Verona – Oltre 400 veterinari hanno partecipato al congresso europeo della categoria, organizzato da Sivar (Società italiana veterinari per gli animali da reddito), in
collaborazione con Veronafiere, che si è svolto ieri e oggi a Fieragricola di Verona.

«Per la prima volta abbiamo coinvolto in maniera strutturata il mondo della veterinaria – ha commentato il condirettore generale di Veronafiere, Flavio Piva – consapevoli che oggi e ancor
più in futuro agrozootecnia e mondo della veterinaria dovranno essere sempre più interconnessi. L’attenzione al benessere e alle condizioni degli animali da reddito sono fattori
imprescindibili per gli operatori del settore. Il fatto di aver ospitato un così prestigioso incontro scientifico è la migliore dimostrazione della sensibilità che abbiamo
ed avremo nei confronti del comparto».

Dodici i convegni ospitati che hanno approfondito i temi legati agli animali da reddito.

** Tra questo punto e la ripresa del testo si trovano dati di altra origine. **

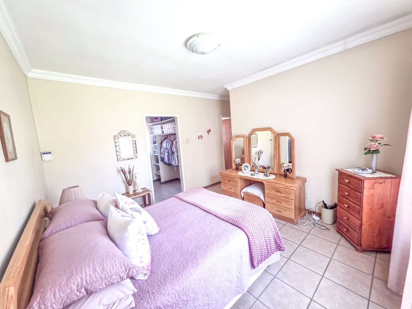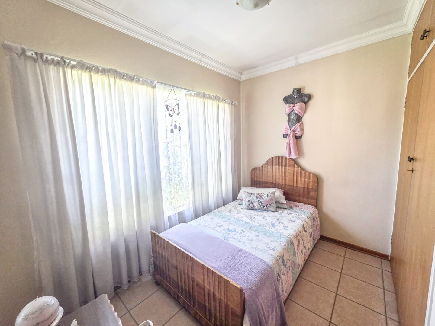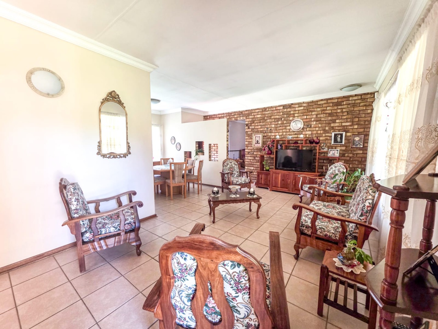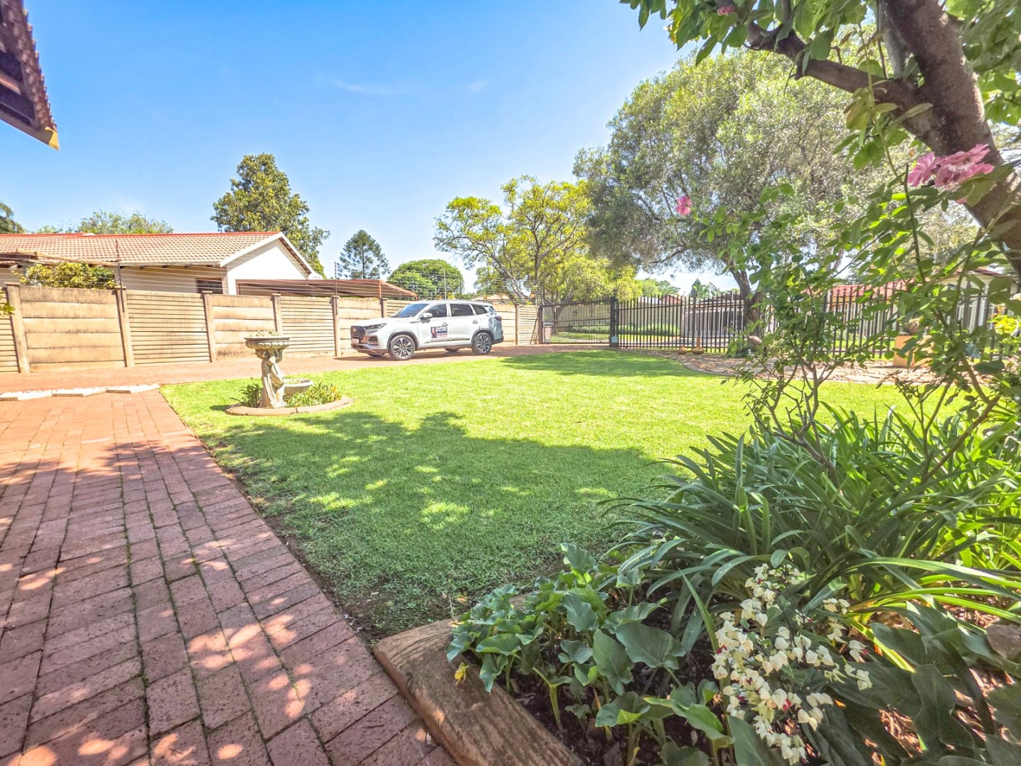 Discover this spacious 3-bedroom, 2-bathroom family home situated in the desirable Heuweloord, Centurion. The interior features an inviting open-plan living and dining area with consistent tiled flooring, benefiting from ample natural light. The kitchen boasts extensive wooden cabinetry, tiled countertops, a built-in electric hob, and a convenient pantry. Bedrooms are generously sized. Outside, enjoy a lush garden, a paved patio, and a dedicated outdoor braai area perfect for entertaining. The property includes double garages and a large covered carport, providing abundant parking. Security is enhanced with electric fencing, an alarm system, and security gates, ensuring peace of mind in this suburban South African setting.
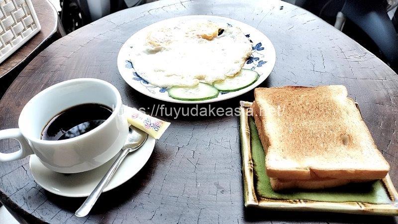 目玉焼き2個とキュウリ、トースト2枚、コーヒー(ブラックorミルク)でした。調味料もあるし、トーストがサクッと香ばしいのでペロリと美味しく食べられました。
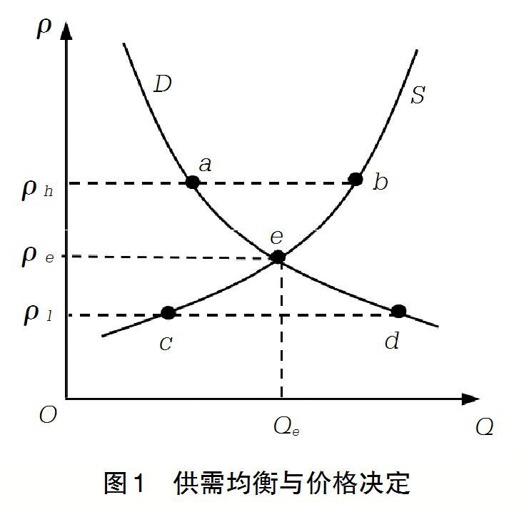 此外,在現(xiàn)貨環(huán)境下的發(fā)電成本補(bǔ)償、阻塞費(fèi)用等等,也會(huì)帶來(lái)不平衡資金問(wèn)題。以上種種不平衡資金問(wèn)題產(chǎn)生的機(jī)理是不一樣的,但總體來(lái)說(shuō)都是供方和需方電價(jià)或電量的差異所導(dǎo)致的。我們通常采用微觀(guān)經(jīng)濟(jì)學(xué)中經(jīng)典的供給與需求分析來(lái)說(shuō)明市場(chǎng)機(jī)制及市場(chǎng)價(jià)格的決定。在圖1中,假定決定供求的因素除商品自身的價(jià)格外其余均為已知,因而供求狀況確定。圖中曲線(xiàn)S表示供給曲線(xiàn),曲線(xiàn)D表示需求曲線(xiàn)。由圖可見(jiàn),曲線(xiàn)S和D在e點(diǎn)相交,與e點(diǎn)相對(duì)應(yīng)的價(jià)格pe就是均衡價(jià)格,或者叫市場(chǎng)出清價(jià)格。在此價(jià)格水平上,買(mǎi)方愿意并能夠購(gòu)買(mǎi)的數(shù)量與賣(mài)方愿意并能夠供給的數(shù)量恰好相等,此時(shí)不會(huì)產(chǎn)生任何不平衡資金。所謂市場(chǎng)機(jī)制就是指在一個(gè)自由市場(chǎng)里能使價(jià)格得以變化一直達(dá)到出清(即供給量與需求量相等)的趨勢(shì)。但實(shí)際電力市場(chǎng)遠(yuǎn)比這更加復(fù)雜,這就導(dǎo)致不平衡資金問(wèn)題的出現(xiàn)。處于現(xiàn)貨市場(chǎng)連續(xù)結(jié)算試運(yùn)行階段的山東電力市場(chǎng)的不平衡資金的構(gòu)成是復(fù)雜的,除現(xiàn)貨所帶來(lái)的固有的不平衡資金問(wèn)題外,發(fā)用電計(jì)劃放開(kāi)不同步,即優(yōu)先發(fā)電電量與優(yōu)先購(gòu)電電量不匹配應(yīng)屬主要原因。而東北區(qū)域電力市場(chǎng)不平衡資金問(wèn)題的成因主要是市場(chǎng)化的發(fā)電上網(wǎng)電價(jià)和固定的銷(xiāo)售電價(jià)的價(jià)差所導(dǎo)致的。中長(zhǎng)期交易偏差考核所產(chǎn)生的產(chǎn)生不平衡資金則是人為設(shè)置偏差考核標(biāo)準(zhǔn)、收支沒(méi)有閉環(huán)所致。

Un argomento, in particolare, a margine dei seminari, ha tenuto banco tra gli addetti ai lavori: la
«blue tongue», la malattia della «lingua blu» che colpisce ovini e bovini.
La malattia ha già fatto sentire i propri effetti negativi, «bloccando la movimentazione dei capi in uscita da molti Paesi del Centro-Nord Europa: Germania, Regno Unito, Spagna,
Austria, Olanda, Belgio e Svizzera», ha ricordato Alberto Casartelli, medico veterinario consigliere di Fnovi (la Federazione nazionale dell’Ordine dei Veterinari italiani), «mentre
l’export di bovini dalla Francia è sottoposto a controlli e restrizioni».
Un aspetto, quest’ultimo, che sta mettendo in difficoltà i ristalli dei bovini da carne. Su 1,6 milioni di vitelli da carne importanti dall’Italia, infatti, 1,2 sono di provenienza
francese (fonte dati: Rapporto Carne 2007).

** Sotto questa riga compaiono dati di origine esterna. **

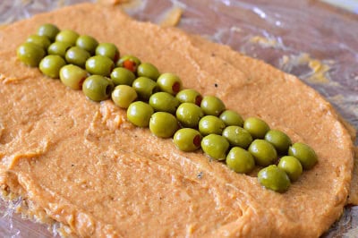 - Déposer les olives vertes tout le temps (si vous préférez couper en rondelles les olives et les ajouter à la pâte avant de la verser sur le film plastique je trouve que c'est plus pratique).
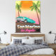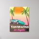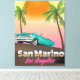 Impression d'affiche de voyage de style vintage San Marino Los Angeles. Une belle affiche de voyage d'une voiture américaine classique à l'aube au coucher du soleil.
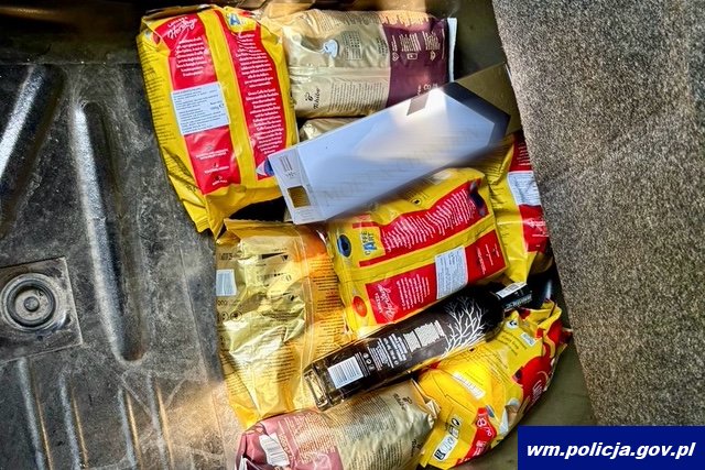W wyniku skutecznego sprawdzenia terenu, funkcjonariusze ujawnili ustalony pojazd zaparkowany na leśnym parkingu przy drodze krajowej nr 16. W środku znajdował się drugi ze sprawców, również obywatel Gruzji, który nie posiadał uprawnień do kierowania pojazdami. Podczas przeszukania auta funkcjonariusze zabezpieczyli artykuły spożywcze i alkoholowe o wartości około 120 zł. Jak się później okazało, pochodziły one z wcześniejszej kradzieży, do której doszło tego samego dnia rano w sklepie w miejscowości Kajkowo.
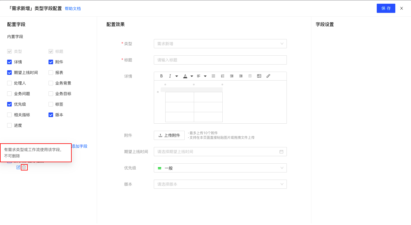 自定义字段也可以,确保没有需求类型在使用该字段时,就可以删除该字段,避免字段冗余。注:有需求类型使用该字段时,不可删除
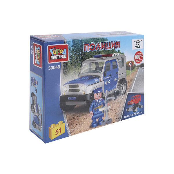 Тематический конструктор заинтересует ребенка старше 4 лет, надолго завладеет его вниманием. Из 51 детали юный любитель техники сможет собрать УАЗ «Хантер» на рифленых колесах. Справиться с задачей без помощи взрослых позволит подробная инструкция.
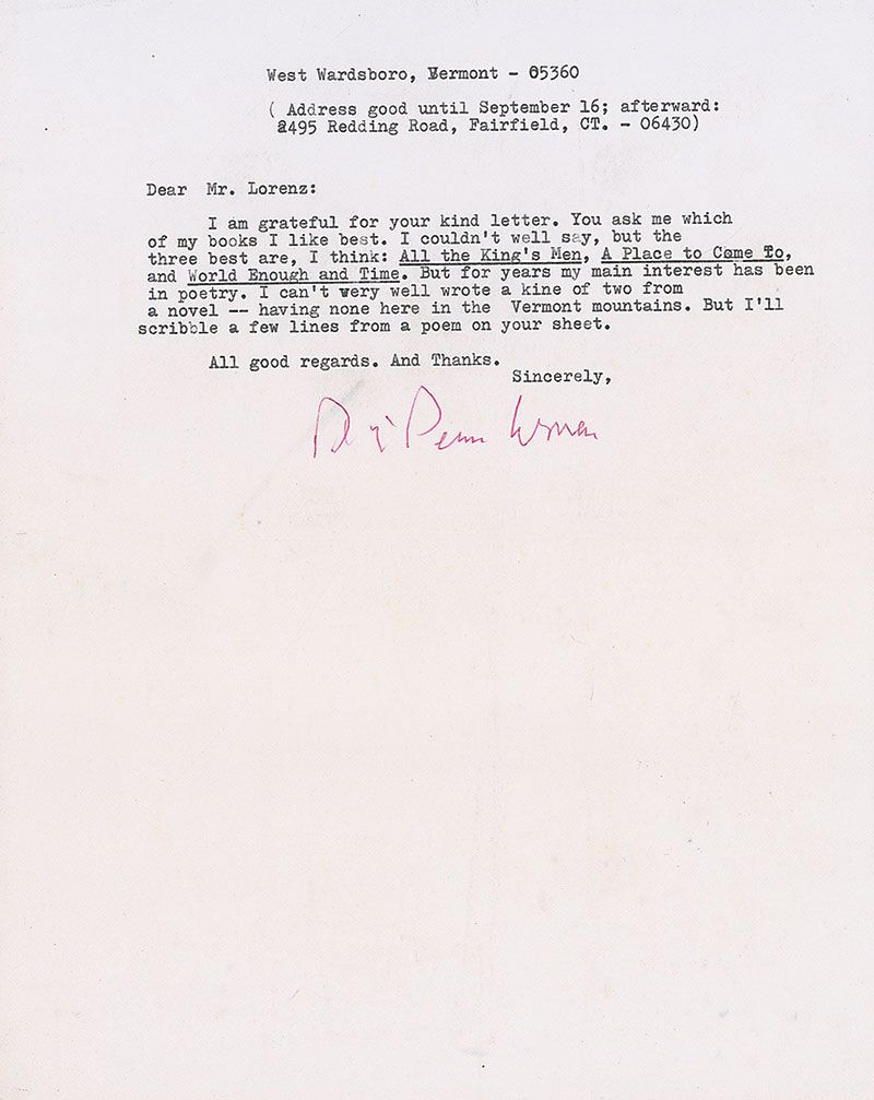 Glossy 8 x 10 head-and-shoulders photo of Warren, signed in the lower border in black ballpoint; and a TLS, one page, 8.5 x 11, no date. Letter to an admirer reads, in part: “You ask me which of my books I like the best. I couldn’t well say, but the three best are, I think: All the King’s Men, A Place to Come To, and World Enough and Time.” In fine condition, with intersecting folds to letter.

Come risolvere la questione blue tongue, dunque? E a quali costi per il mondo zootecnico? «La Commissione veterinaria dell’Unione europea – ha chiarito Casartelli – ha imposto la
vaccinazione entro il 2008 di 20 milioni di bovini in tutta l’Ue. Ma non è ancora stato indicato il vaccino, che si prevede possa essere a disposizione degli allevatori europei dalla
fine di marzo».
Resta irrisolto anche il problema degli animali in transito. Nelle rotte dal Nord Europa verso l’area Balcanica, la Grecia e la Turchia, l’Italia è una piazza di sosta. «In questi
casi viene imposta una disinfezione esterna degli animali – ha ricordato Casartelli – ma è ovvio che con gli spostamenti aumentano le possibilità di diffusione del vettore della
malattia».

Preoccupato anche il presidente dell’Associazione italiana allevatori, Nino Andena: «Con l’arrivo della primavera – ha proseguito Andena – il culicoide, insetto vettore della malattia, si
innescheranno maggiori possibilità di contagio». E la malattia, che non ha alcun effetto negativo per la salute umana, farà sentire il proprio peso sui bilanci delle aziende
zootecniche europee per milioni di euro.